Y volví a sentir el vínculo con Irene Escolar, el lado soñador y rebelde de ambas, los personajes semejantes: el amor que da lealtad a quien no lo merece en su admirable reina Juana en la serie Isabel, y la tarde de otoño en que sacudió levemente la hermosa cabeza y dijo “¡Cuánta soledad!” con una mezcla de pasmo y pena, apiadándose, comprensiva, ante una de tantas sinsorgadas dicha o puesta por escrito.

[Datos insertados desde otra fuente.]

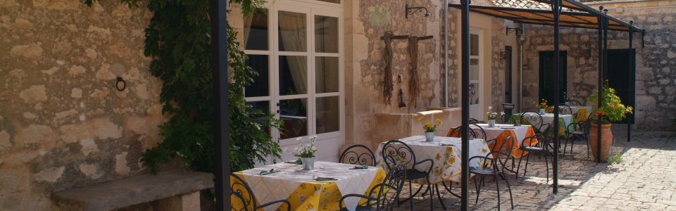 Vecchia masseria ristrutturata con arredi d'epoca e dettagli di tutto gusto. Posta fra mare e barocco siciliano.

Mañana, Irene Escolar estrena en el Pavón Kamikaze, mano a mano con José Luis Torrijo, a las órdenes de Carlota Ferrer, el feroz y trágico Blackbird de David Harrower. Tengo muchas ganas de verla, y de poder repescar pronto su espectáculo sobre Lorca, que también nació en el Pavón, y sé que volveré a viajar, que la veré a ella, y en ella las improntas de Irene, de Julia, de Emilio. Qué regalo esas sangres que no dejan de bullir y de encontrarse, de seguir latiendo. Y de crecer, renovadas.